Noise is Bad for Health, Study Finds
Noise is an ever frequent fixture in our lives and it has become ubiquitous with our daily lives. For many people a life where silence is prevalent is not even known. For example, city life is punctuated by noise from sirens, cars and buses, horns, squealing brakes, planes flying past, among many other sources of life. Life outside of the cities is not entirely quiet with the occasional noises from farm machinery, lawnmowers, leaf blowers, dogs, and snow blowers.
Everyday life has also been punctuated by noise such as loud ringtones from mobile phones, screaming and crying children, television and entertainment equipment, and noise in restaurants. Noise is simply everywhere.
Mathias Basner, an assistant professor of sleep and chronobiology at the University of Pennsylvania has been working and thinking more deeply about noise and the effect that it is having in people’s lives. Noise, according to Prof. Basner, is a public health problem.

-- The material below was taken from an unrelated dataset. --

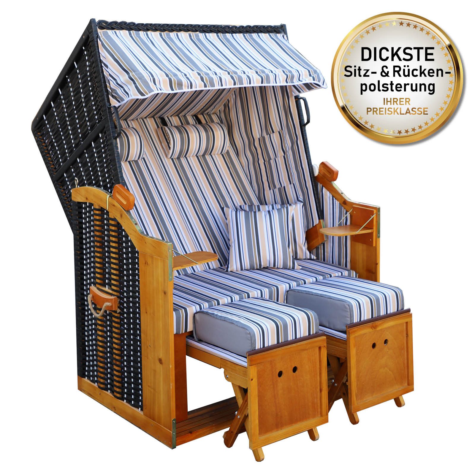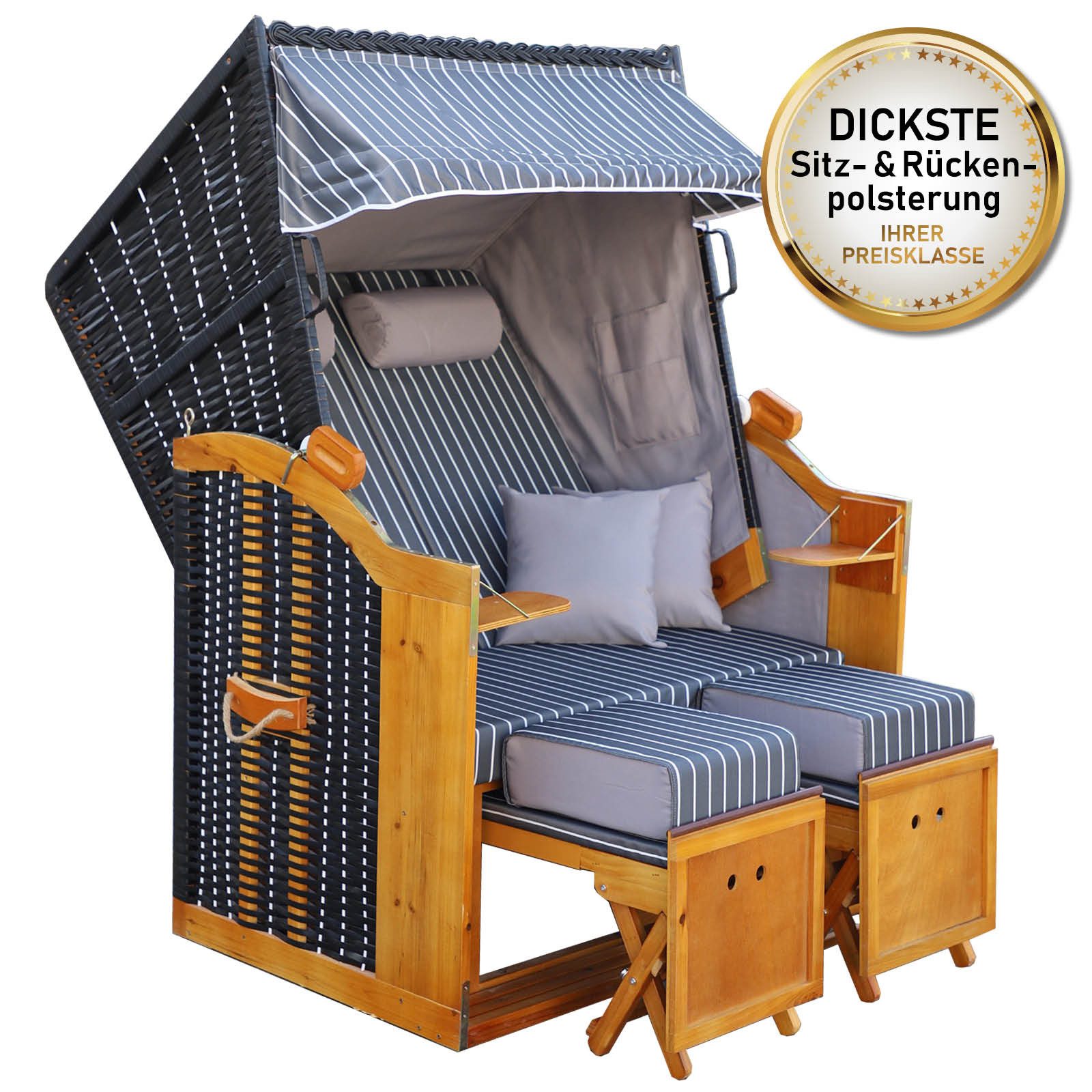 Eigenschaften | Der Strandkorb lässt sich in 4 Positionen bis zu 170° einstellen 30% dickerer Sitz- und 60% dickerer Rückenpolsterung in dieser Preisklasse innovative Fußstützen mit patentierter Schienentechnik dadurch leicht ausziehbar, höhenverstellbar und verlängerbar zwei ausklappbare Ablagetische & integrierte Markise Gefertigt aus atmungsaktivem, lasiertem Kernholz und wetterbeständigem, UV-resistentem Polyrattan |

Basner led a team of researchers to review noise research and found that noise in the environment, at the workplace and in social settings is not only responsible for hearing loss but also poor sleep quality, annoyance, learning problems, cardiovascular disease, and high blood pressure.
The effects of noise were shown to stem from the responses generated in the body to what it might consider as danger. This is because the auditory system plays a watchman kind of role since it is always open and always awake. It is constantly checking for environmental threats.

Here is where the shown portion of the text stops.